Днем учитель и фельдшер занимаются каждый своим делом. Фельдшер принимает приходящих больных из Курши и из трех соседних деревень. Зимою мужик любит лечиться. С раннего утра, еще затемно, в сенях фельдшерского дома и на крыльце толпится народ. Болезни все больше старые, неизлечимые, запущенные, на которые летом во время горячей работы никто не обращает внимания: катарры, гнойники, трахома, воспаление ушей и глаз, кариоз зубной полости, привычные вывихи. Многие считают себя больными только от мнительности, от долгой зимней скуки, женщины — от истеричности, свойственной всем крестьянским бабам.

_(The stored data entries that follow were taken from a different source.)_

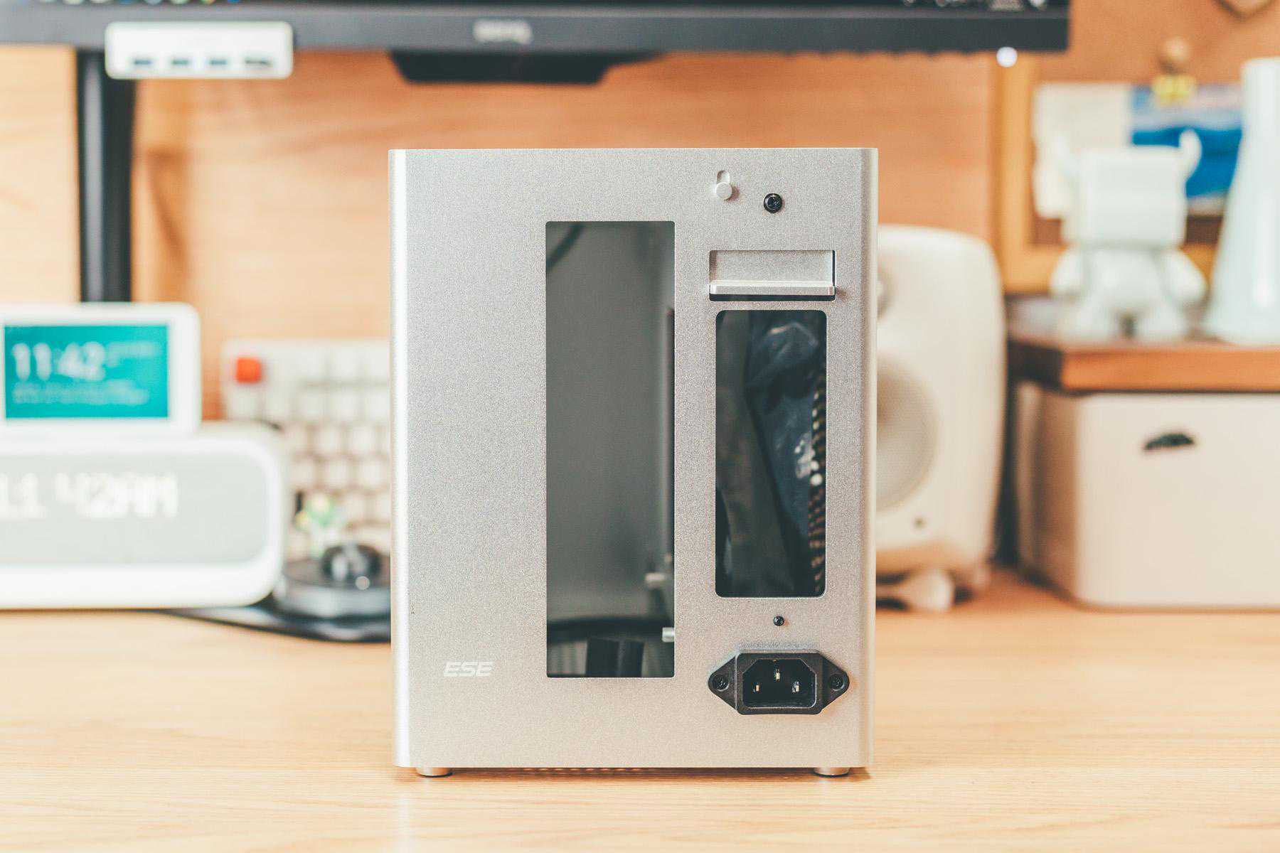 近期桌面大升级,除了因为原来机箱太高太窄的元素,原本机箱是全黑也不符合我的白色控缘由,白色机箱比较少,银色作为替代也可以,另外和我之前装ITX理由一致,我是根据空间来选择机箱的,蜂鸟ESE完美契合我预留的主机空间。
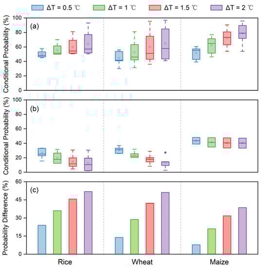 3.2. Conditional Probability of Yield Reduction under Different Warming Conditions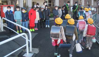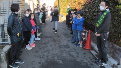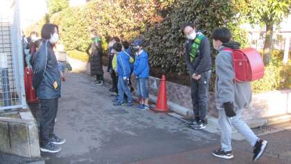 翠と溪の学び舎「尾山台中学校、尾山台小学校、玉堤小学校」3校合同であいさつ運動を実施しています。3学期は3年生と1年生が担当しています。PTAの皆様にもご協力をいただいています。担当学年の子どもたちは、気持ちを込めてあいさつをしていました。
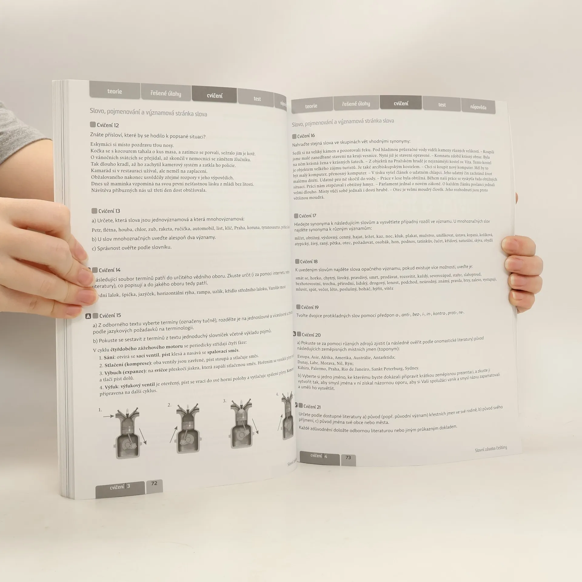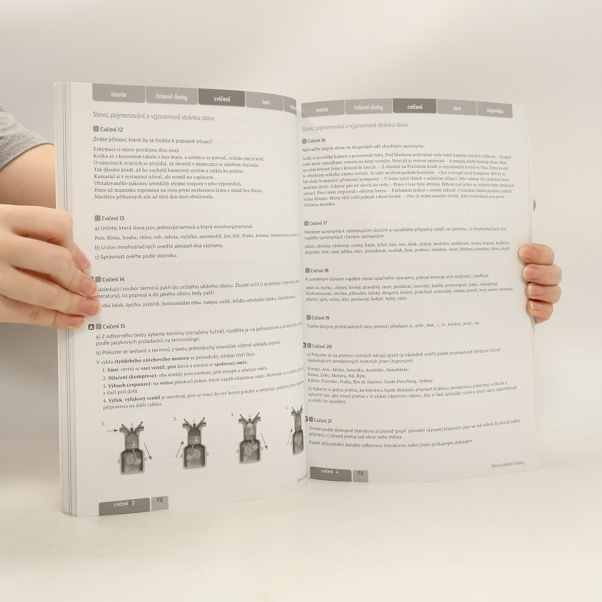 Jednosvazková publikace zahrnuje učivo probírané během celého středoškolského studia - pokrývá jazykovou část předmětu i část komunikace a sloh, koncepčně rozdělené do jednotlivých tematicky uspořádaných celků (Obecné poznatky o jazyce, Český jazyk v mluvené a psané podobě, Slovní zásoba češtiny, Tvarosloví českého jazyka, Skladba českého jazyka, Tvorba a analýza textu, Český jazyk v současné společnosti). Ty se dále dělí na kapitoly s jednotnou strukturou: teorie, řešené úlohy a cvičení. Jednotlivé kapitoly v tematických celcích jsou uvozeny motivační stranou, obsahující zajímavá jazyková i mimojazyková fakta, a oddíl Naučíš se, který pojmenovává cíle dané kapitoly. První část, teorie, uvádí moderně koncipovaný výklad. Vyznačeny jsou definice či shrnutí určená k zapamatování, obsahuje také blok Souvislosti, zahrnující zajímavosti a přesahy do jiných všeobecných nebo odborných předmětů či do reálného života. Samostatnou částí jsou řešené úlohy. Obsahují základní i náročnější úlohy k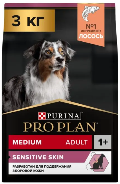 Корм PRO PLAN для собак средних пород с чувствительной кожей с комплексом Optiderma лосось c рисом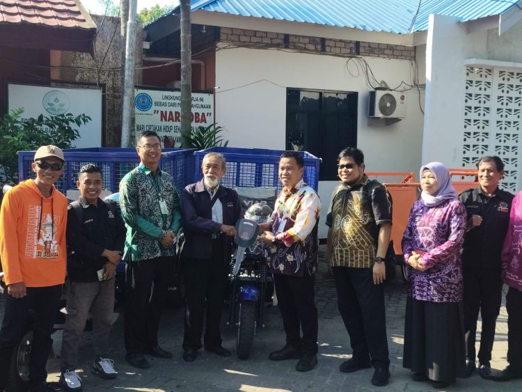 Penyerahan tersebut dilakukan secara simbolis dengan menyerahkan fasilitas kebersihan berupa Motor Gerobak roda 3, Gerobak tarik dan bak sampah.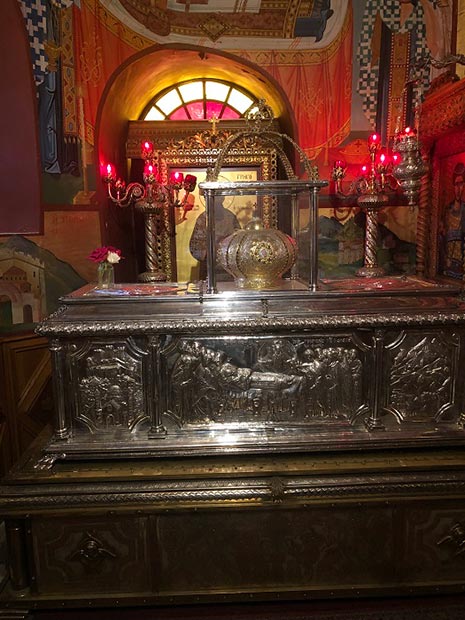 Далее паломники побывали в мужском монастыре во имя великомученицы Анастасии Узорешительницы, где поклонились части ее святых мощей, а также мощам святителя Фионы и преподобномучеников, подвизавшихся в обители и пострадавших при разорении монастыря завоевателями.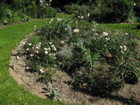 Der innere Garten ist ja viel behüteter, als die wilde Wiese, wo gerne der Ostwind im WInter rüber peitscht.Das Austinbeet mußte leider einem cremefarbenen Teerosenbeet weichen, hier passen 18 Rosen rein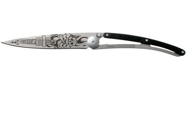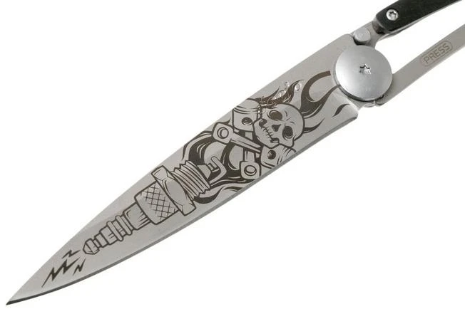 Deejo Tattoo 37g, Ebony Wood, Biker 1CB018-G Pocket Knife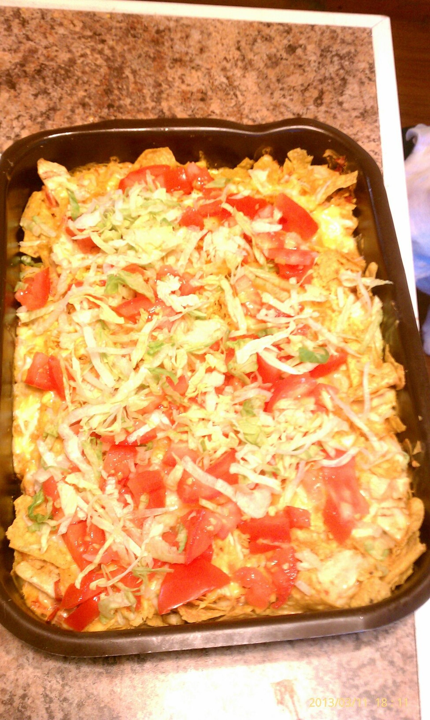 2. Grease a 2-quart casserole dish, and add a layer of crushed Doritos across the bottom. Top with a layer of the chicken mixture. Add another layer of crushed Doritos, and then add another layer of the chicken mixture. Top with remaining cheese. You can add more crushed Doritos on top as well if you wish.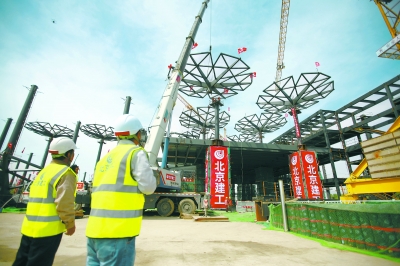 北京世园会国际馆18朵钢铁“花伞”上午吊装完成。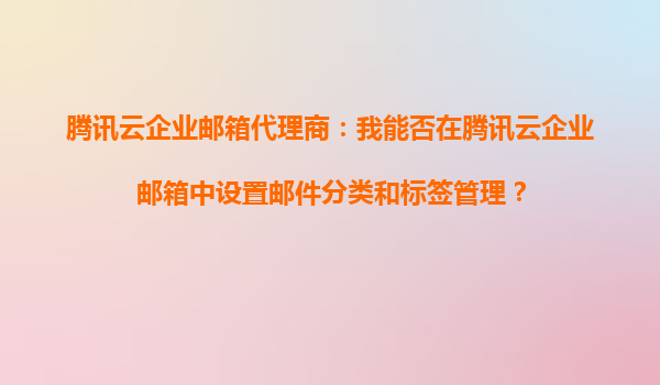 2025-08-23腾讯云企业邮箱代理商:邮件分类与标签管理功能详解 一、腾讯云企业邮箱的邮件分类与标签管理能力 作为腾讯云企业邮箱代理商,我们确认腾讯云企业邮箱支持完善的邮件分类和标签管理功能。用户可通过以下方...
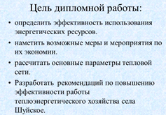 ) Выполнен обзор литературы по теме дипломной работы который показал большую значимость этого направления в развитии населенного пункта Шуйское.В 2010 году ГосДума РФ приняла закон о «Теплоснабжении». Состоящий из семи глав в которых 30 статей. Общее положение в котором подразумевает. Предмет регулирования настоящего Федерального закона. Основные понятия, используемые в настоящем Федеральном законе. Общие принципы организации отнощений и основы государственной политики в сфере теплоснабжения.
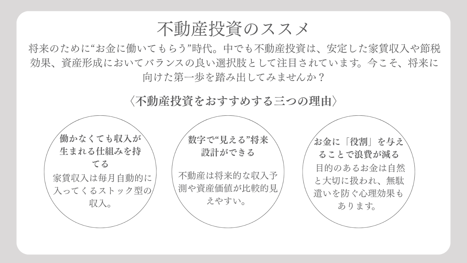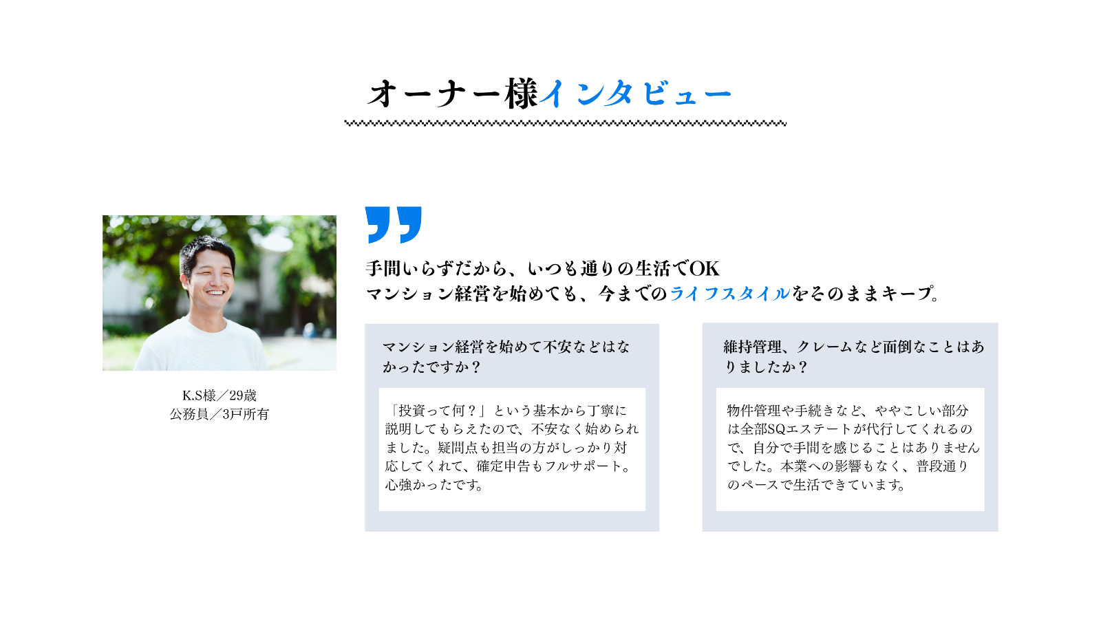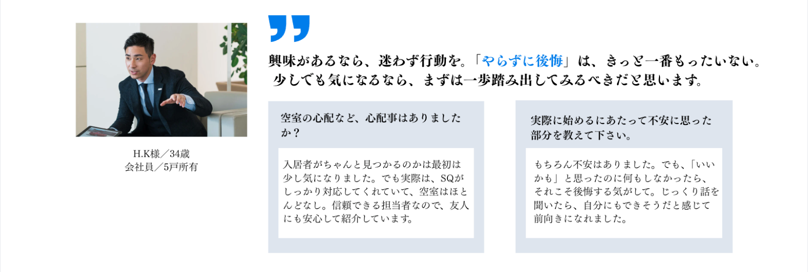 ※ 上記は不動産投資に対する個人の感想であり、投資運用成果については個人差があることを予めご了承ください。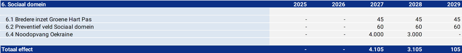 - Maatregelen die een effect op de exploitatiebegroting hebben; een bedrag van € 20,7 miljoen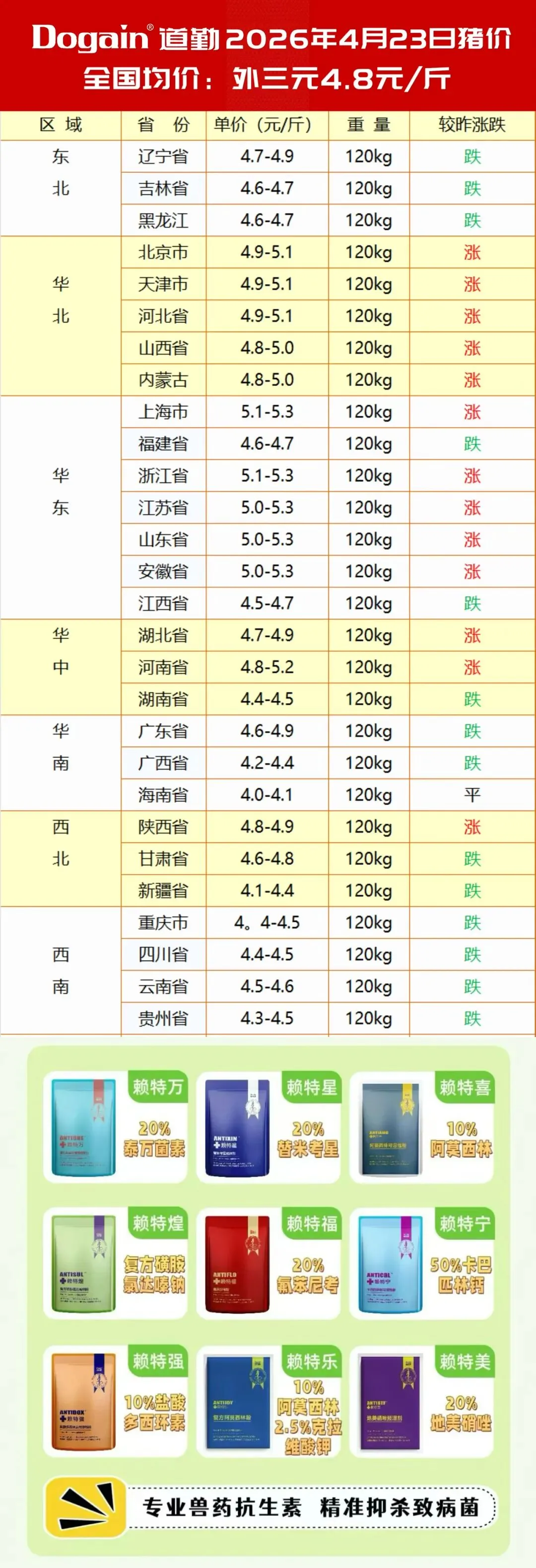 4月23日,猪价信息 养羊网 2026-04-22 4月23日,猪价信息 养羊网 2026-04-22 上一篇:明日猪价 (2026.4.23) 下一篇:4 月 22 日:深圳鸡蛋价格参考 您可能还会对下面的文章感兴趣111: 相关文章 1500?已出建模+渲染+后期 2025年4月13日全国各地生猪价格信息 未来三个月猪价预测(2026年3-7月) 猪价大涨一日游,集团猪砸盘,散户怎么办?丨附明日2.4猪价

Смирнов знает в медицине решительно все и по всем отраслям. По крайней мере сам он в этом так глубоко убежден, что к ученым врачам и к медицинским авторитетам относится даже не с презрением, а со снисходительной жалостью. Лечит он без колебаний и без угрызений совести, ставит диагноз мгновенно. Ему достаточно только, нахмуря брови, поглядеть на больного сверх своих синих очков, и он уже видит насквозь натуру его болезни. «По утрам блюешь? На соленое позывает? Как ходишь до ветру? Дай руку… раз, два, три, четыре, пять, шесть… Ладно. Раздевайся… Дыши… Сильней. Здесь больно, когда нажимаю? Здесь? Здесь? Одевайся. Вот тебе порошки. Примешь один сейчас, другой перед обедом, третий через час после обеда, четвертый перед ужином, пятый на ночь. Так же и завтра. Понял? Ступай». И все это занимает ровно три минуты.